In data analysis, a time series is a collection of data points organized in time. According to some definitions, the data points in a time series should be equally spaced, although this is not always the case. The varying definitions for a time series can be illustrated with three examples:

- A dataset compares the performance of athletes to their height. Since neither the performance of athletes nor their height relates to time, this is not a time series by any definition.
- A dataset compares the weather in a town to readings taken at random times of the year. Since time is one of the variables, but the intervals between the data points are not evenly spaced, this may or may not be a time series depending on the definition chosen.
- A dataset compares the weather in a town to reading taken at the same time every month. Since time is one of the variables, and the intervals between the data points are evenly spaced (one month apart), this is a time series by all definitions.

## What Is Time Series Analysis?

Time series analysis is the process of analyzing a time series. It is chiefly concerned with identifying three different aspects of the time series, which can be used to better clean, understand, and forecast the data. To do so, it may use a range of models which can process the time series.

## Factors in Time Series Analysis

When analyzing a time series, this form of data analysis involves identifying at least three insightful aspects of the data. These factors are autocorrelation, seasonality, and stationarity.

### Autocorrelation

In a time series, autocorrelation is the tendency of data observations and patterns to repeat themselves.
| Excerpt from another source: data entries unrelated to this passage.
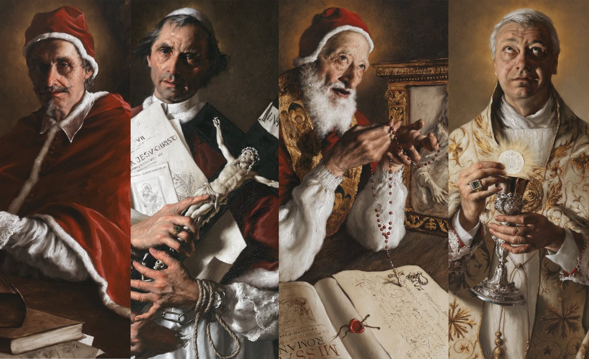 Undici grandi ritratti di Giovanni Gasparro dialogano con altrettante opere d’arte antica di altissima qualità – calici, reliquiari, pianete, ecc. – appartenute ai pontefici ritratti. Pittura, arti applicate e storia della chiesa in un mix affascinante ed inedito.
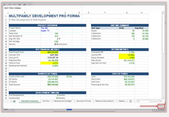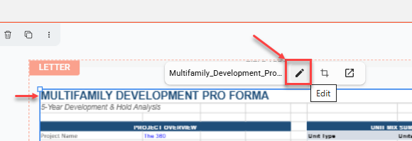 Click on the edit button to activate the pro forma withing the pro forma viewport.
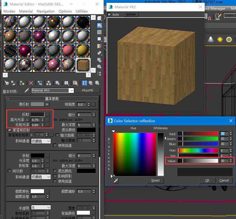 3、設置“反射”值為30,“高光光澤度”設置為0.75,“反射光澤度”為0.85。

If these observations and patterns repeat themselves at regular individuals, the result may also be known as seasonality.

### Seasonality

As touched on above, seasonality is when observations and patterns repeat themselves at regular intervals. The best example of seasonality would be a graph of temperatures across multiple years. During the summer, temperatures are high; during the winter, temperatures are low.

### Stationarity

Stationarity is a measure of how little a time series’ mean and variance changes over time. For example, if the temperatures measured across a period of ten years are of similar magnitude and variance — after accounting for the seasonality of the dataset — then the time series would be said to have high stationarity.

As a more illustrative example of stationarity, consider the effect of global warming on temperatures measured every month. Although the dataset may continue to show signs of autocorrelation and seasonality, the stationarity of the dataset would decrease due to a higher mean temperature and greater variance in temperatures (due to lower and higher extremes).

## Benefits of Time Series Analysis

Time series analysis has various benefits for the data analyst. From cleaning data to understanding it — and helping to forecast future data points — this is all achieved through the application of various time series models, which we’ll touch on later.

### Cleaning data

The first benefit of time series analysis is that it can help to clean data. This makes it possible to find the true “signal” in a data set, by filtering out the noise. This can mean removing outliers, or applying various averages so as to gain an overall perspective of the meaning of the data.

Of course, cleaning data is a prominent part of almost any kind of data analysis. The true benefit of time series analysis is that it is accomplished with little extra effort.

### Understanding data

Another benefit of time series analysis is that it can help an analyst to better understand a data set. This is because of the models used in time series analysis help to interpret the true meaning of the data, as touched on previously.

### Forecasting data

Last but not least, a major benefit of time series analysis is that it can be the basis to forecast data. This is because time series analysis — by its very nature — uncovers patterns in data, which can then be used to predict future data points.

For example, autocorrelation patterns and seasonality measures can be used to predict when a certain data point can be expected. Further, stationarity measures can be used to estimate what the value of that data point will be.

Really, it’s the forecasting aspect of time series analysis that makes it so popular in business applications. Analyzing and understanding past data is all good and well, but it’s being able to predict the future that helps to make optimal business decisions.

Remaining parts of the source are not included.